Schemas for flat files and datasets

Posted: Thu May 31, 2018 1:45 pm
by hobocamp
My searching for this hasn't turned up any results, but figured I'd put the question to the experts.

Is there a method for performing a mass extract of the file and dataset schemas within a DS project? I know that for a particular instance, the columns could be saved as a table definition and then exported.

But in light of GDPR requirements, there is a request to be able to look at these definitions en masse, in order to locate any sensitive data (SSN, Bank info, etc.) being captured and stored.

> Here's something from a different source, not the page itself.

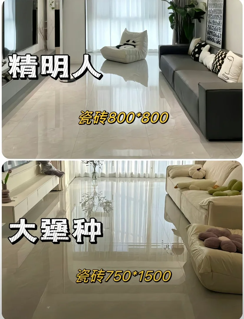 最开始装修的时候,很多人都追求大气美观,觉得大尺寸的瓷砖能让空间显得更加开阔,于是便不假思索的就选了大尺寸的瓷砖。
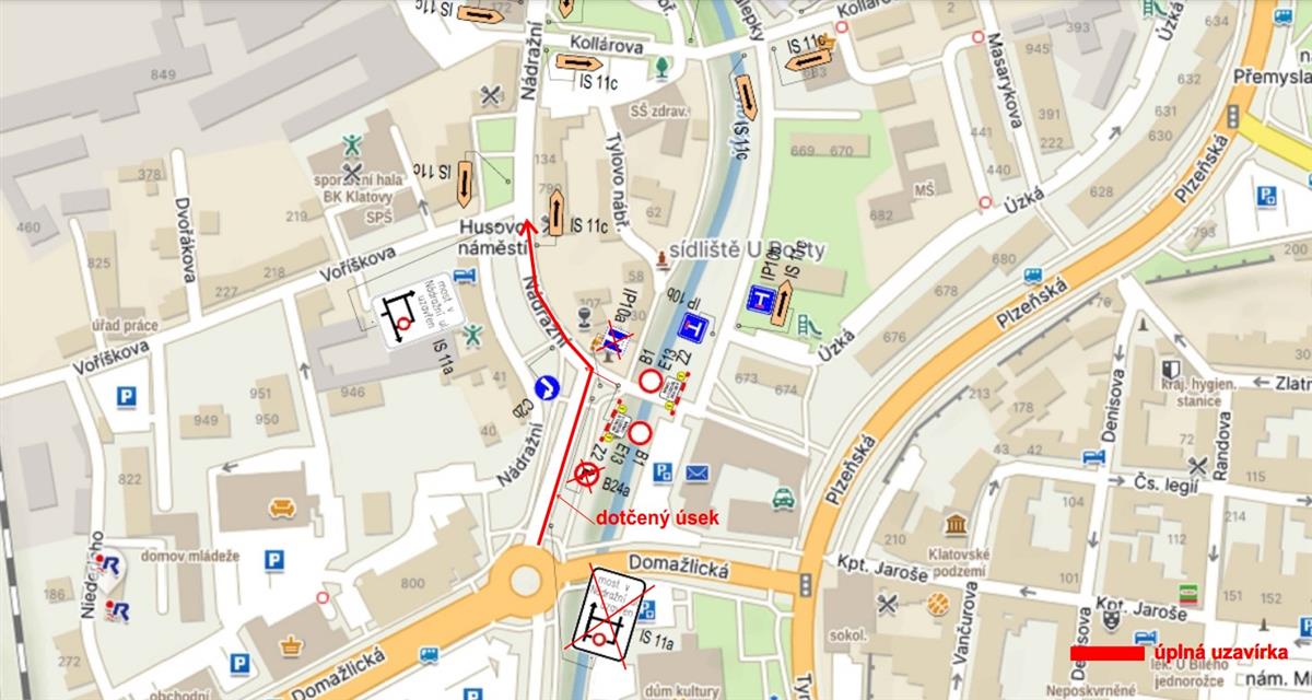 🔹 Uzavírka se týká směru od kruhového objezdu na Domažlické ulici na Husovo náměstí.

Thanks in advance for any advice.

Tom Smith

Posted: Thu May 31, 2018 11:18 pm
by ray.wurlod
None of which I'm aware.

Are the files guaranteed to have column headers? Does it violate any rules to inspect the data to guess the data types?
In a perfect world it would be possible to use the Connector Import Wizard in DataStage Designer, specifying the File Connector but, alas, it's not.

For data sets, you have the orchadmin command; you could build a script to loop through all the descriptor file names, which I hope you keep in a consistent location.
Similarly to above, importing an Orchestrate schema definition only allows for one descriptor file at a time to be processed.

Posted: Fri Jun 01, 2018 12:17 pm
by PaulVL
You can filter out the schema file from a dataset like this:

Put this into a sequencer execute stage.


echo "record" > #seqfilepath##ds_filename#.schema; echo "{record_delim='\n', final_delim=end,delim=',', quote=double}" >> #seqfilepath##ds_filename#.schema; $DSHOME/../PXEngine/bin/orchadmin describe -s #dataset_path##ds_filename# 2>/dev/null | sed 1,11d >> #seqfilepath##ds_filename#.schema; echo #seqfilepath##ds_filename#.schema


you can figure out the rest.